Ответить на вопрос было уже некому. Господин лейтенант, развернувшись, пошел по-учительски пожурить подчиненных, разлегшихся отдыхать на горячем асфальте, а Михаил никак не мог прийти в себя.

Война! Нужно заставить себя смотреть правде в глаза. Хочет того лейтенант Михаил Обут или нет — ему придется воевать. Значит, надо определить свою роль в последующих событиях, чтобы не плыть по течению. Волею судьбы он оказался солдатом вражеской армии, а там, за линией фронта, близкие ему люди. Четырнадцатая армия остается пока нейтральной. Но многие ребята из ее состава, демобилизовавшись, а то и просто драпанув, влились в ряды гвардейцев Приднестровья. Бывшие сослуживцы сидят сейчас в траншеях на той стороне, а лейтенант Обут поведет в атаку на них боевую машину?.. Этому не бывать. Но если отказаться сесть за рычаги, его просто расстреляют перед строем как труса. Для того ли бежал из-под стражи и перенес столько мучений?..
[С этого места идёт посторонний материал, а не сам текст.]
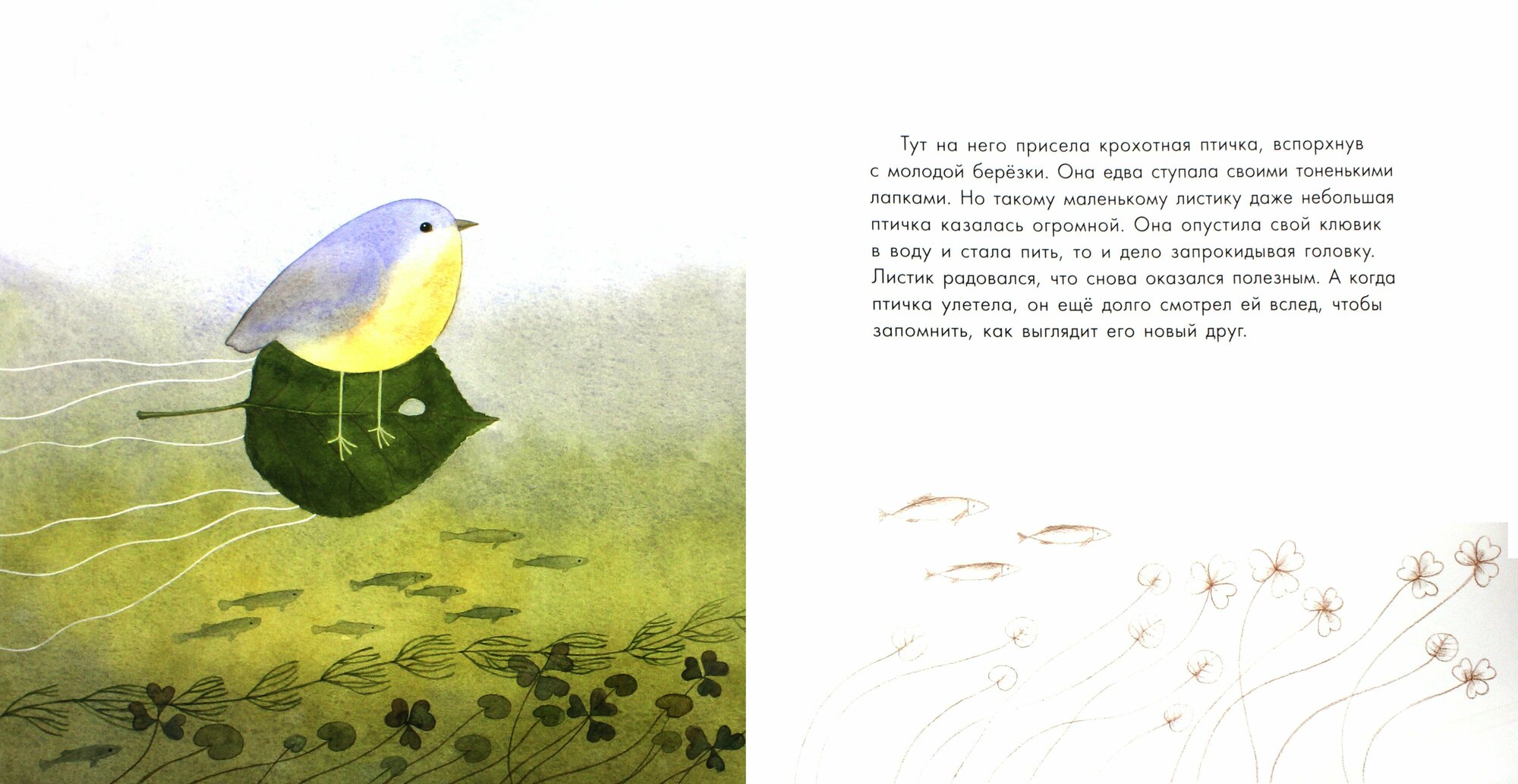 Я не понимаю, почему книги этой серии почти не рецензируются. Может, пугает слово «терапия»? Так почти любая книга-это своего рода терапия, ведь каждая чему-то учит. Данная книга учит не бояться перемен. Здесь нет ничего назидательного, всё рассказано на примере листика, который отправился в путешествие, оторвавшись от ветки. Замечательная сказка! Я обожаю все книги серии «Сказкотерапия» не только за хороший текст (а его в книге немало), но и за оформление. Очень плотные мелованные страницы, удобный формат. На каждом развороте слева-иллюстрация, справа-текст.
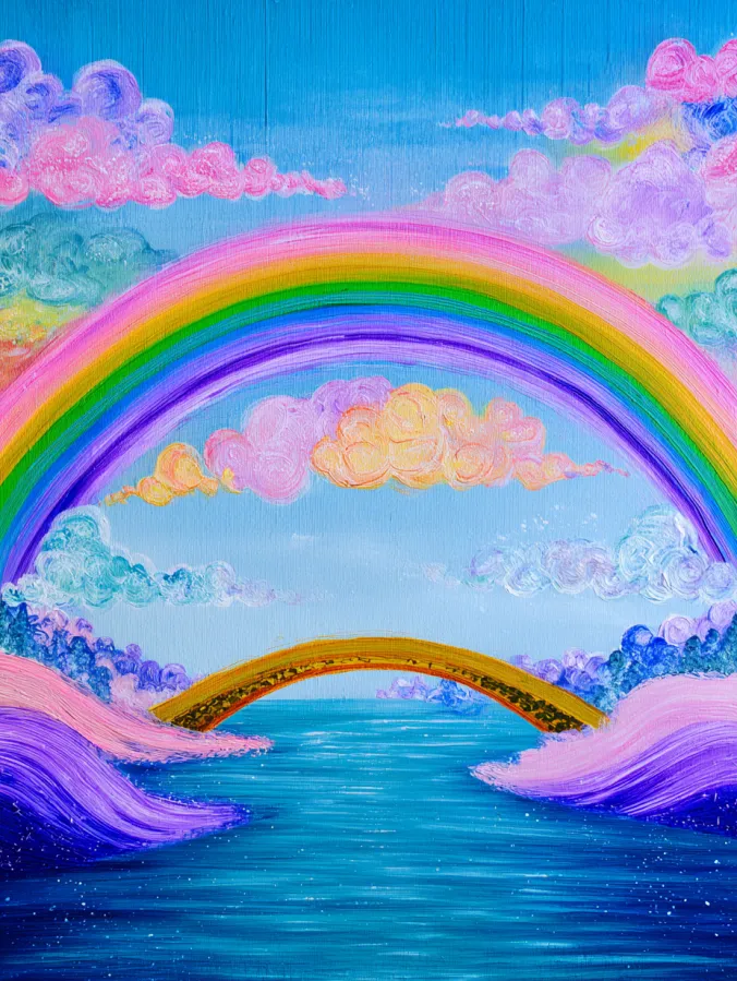 This acrylic painting shows a soft pastel landscape with a glowing rainbow stretching across a peaceful sky. The rainbow arches high above gentle pink clouds and flows down toward a golden bridge that crosses calm blue water. Fluffy clouds swirl across the sky in shades of lavender, peach, and cotton candy pink. The water below reflects hints of turquoise and sky blue with soft horizontal brush strokes that suggest gentle movement. The curved rainbow and bridge create a simple focal point that pulls the whole scene together while the playful colors keep the composition light and cheerful.

Ни один из пришедших на ум вариантов выхода из положения не выдерживал критики. Удрать из роты невозможно, с него не спускают глаз. Особенно бдит косоглазый, готовый при малейшем подозрении пустить пулю в спину.

— По маши-и-нам! — раздалась протяжная команда.

Михаила словно током ударило. Надо бежать к БТРу, а он так ничего не решил.

— Степанчик, не стой столбом! — крикнул кто-то.

Он очнулся. Будь что будет. В старом анекдоте сказано: из всякой ситуации всегда есть два выхода...

Рота в полном составе втиснулась в три машины. Теперь, когда началось рассредоточение войск для занятия исходного положения, подразделению предстояло действовать по определенному комбатом направлению.

На броне, прижавшись друг к другу, сидели солдаты. Внутри тоже набилось битком. Шоссе катило навстречу ровной серо-стальной полосой. Теперь оно было не так загружено, и чем дальше, тем больше пустело. Подразделения располагались в разные стороны, чтобы занять свое место в боевом порядке батальонов и полков. Свет мощных фар высвечивал асфальт до последней выбоины. Михаил, высунувшись из люка, пристально наблюдал за дорогой. Он решил, как только появится мост, «случайно» свалить с него машину. Такой вариант никому ничем не грозил. Люки открыты — ребята выплывут. Вода сейчас теплая, купание не повредит, зато удрать под шумок проще простого.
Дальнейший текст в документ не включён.